Comprehensive model access enhances red-teaming effectiveness. Our experience shows that giving government red-teamers deeper access to our systems enables more sophisticated vulnerability discovery. We provided several key resources:

  • Pre-deployment safeguard prototypes. Testers could evaluate and iterate on protection systems before they went live, identifying weaknesses before safeguards were deployed.
  • Multiple system configurations. We provided models across the protection spectrum, from completely unprotected versions to models with full safeguards. This approach lets testers first develop attacks against base models, then progressively refine techniques to bypass increasingly sophisticated defenses. Helpful-only model variants also enabled precise harmful output scoring and capability benchmarking.
  • Extensive documentation and internal resources. We provided trusted government red-teamers with our safeguard architecture details, documented vulnerabilities, safeguards reports, and granular content policy information (including specific prohibited requests and evaluation criteria). This transparency helped teams target high-value testing areas rather than searching blindly for weaknesses.
  • Real-time safeguards data accelerates vulnerability discovery. We gave government red-teamers direct access to classifier scores. This enabled testers to refine their attack strategies and conduct more targeted exploratory research.

Iterative testing allows for complex vulnerability discovery. Though single evaluations provide value, sustained collaboration enables external teams to develop deep system expertise and uncover more complex vulnerabilities.

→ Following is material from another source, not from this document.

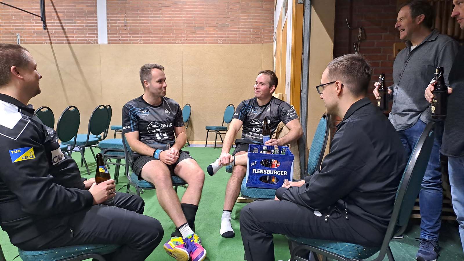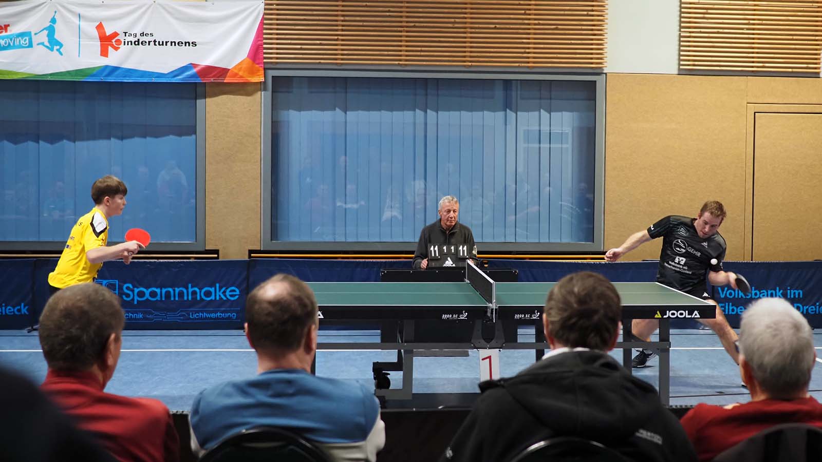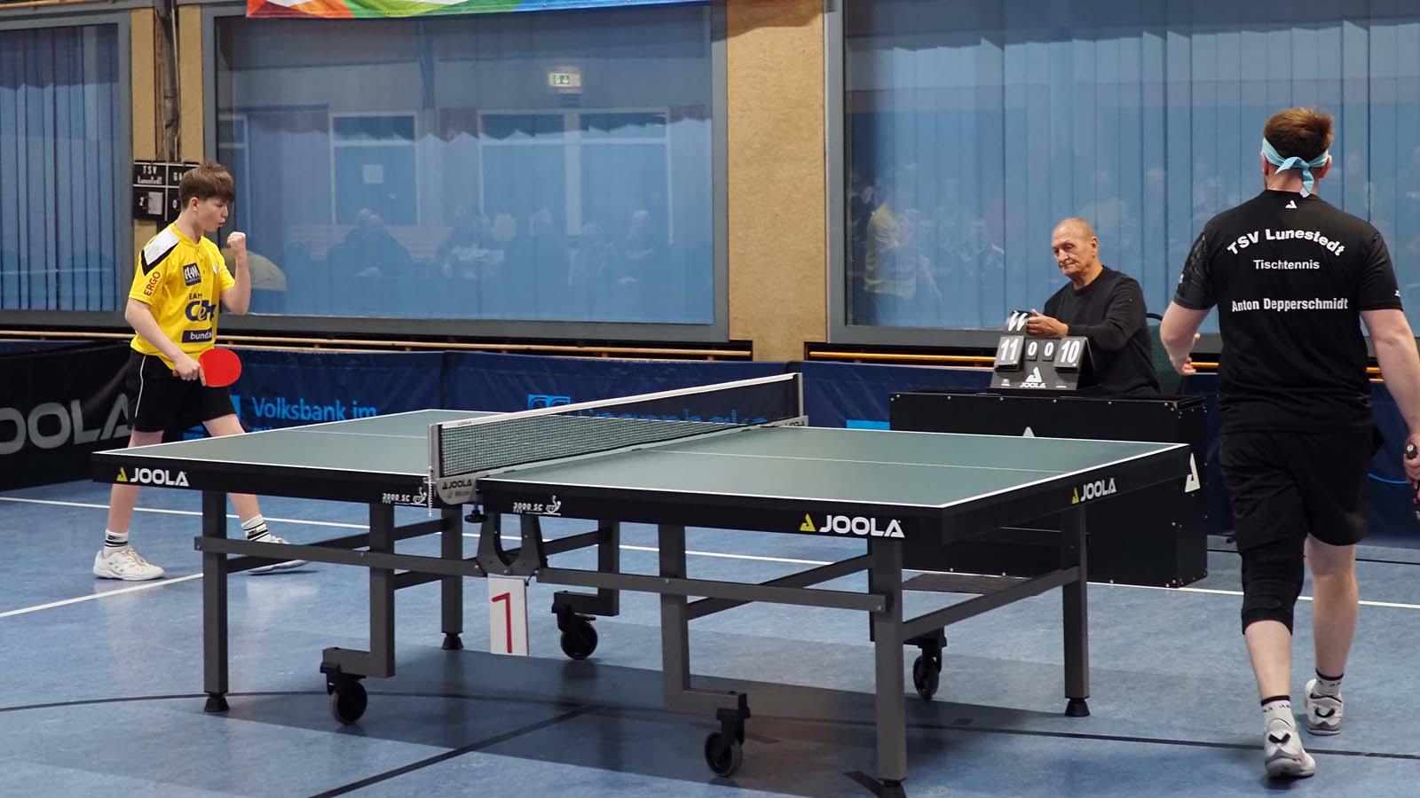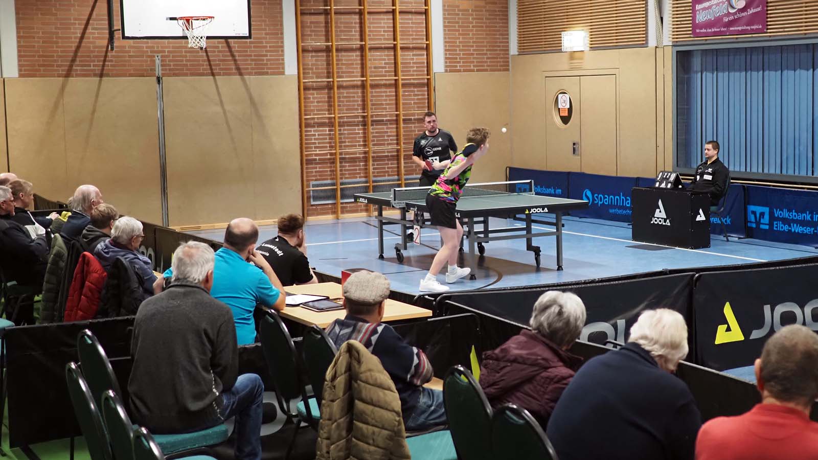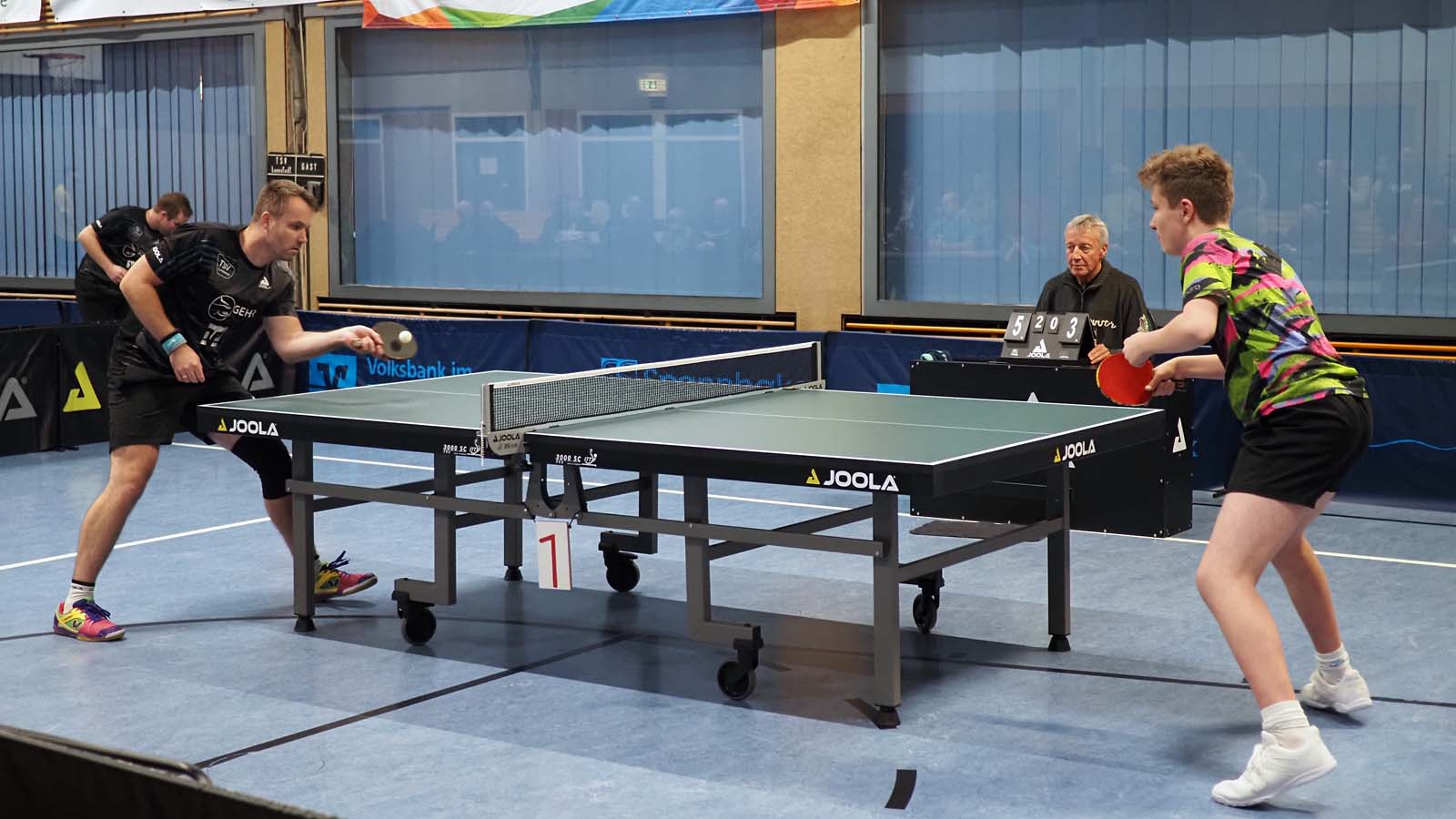 Anton biss sich anschließend oben nach hoher Führung im Ersten an der sicheren Abwehr von Kassens die Zähne aus. Ich kämpfte mich ins Spiel gegen Orhan und hatte nach langen Ballwechseln im Vierten Matchball, aber musste noch in den Fünften um hier nach starker Vorstellung zu gewinnen. 3-1.

During critical phases, we've maintained daily communication channels and frequent technical deep-dives with our partners.

Complementary approaches offer more robust security. CAISI and AISI evaluations work synergistically with our broader ecosystem. Public bug bounty programs generate high-volume, diverse vulnerability reports from a wide talent pool, while specialized expert teams can help uncover complex, subtle attack vectors that require deep technical knowledge to identify. This multi-layered strategy helps ensure we catch both common exploits and sophisticated edge cases.

Ongoing collaboration

Making powerful AI models secure and beneficial requires not just technical innovation but also new forms of collaboration between industry and government. Our experience demonstrates that public-private partnerships are most effective when technical teams work closely together to identify and address risk.

As AI capabilities advance, the role of independent evaluations of mitigations is increasingly important. We are heartened that other AI developers are also working with these government bodies, and encourage more companies to do so and share their own lessons more widely.

We extend our gratitude to the technical teams at both US CAISI and UK AISI for their rigorous testing, thoughtful feedback, and ongoing collaboration. Their work has materially improved the security of our systems and advanced the field of measuring AI safeguard effectiveness.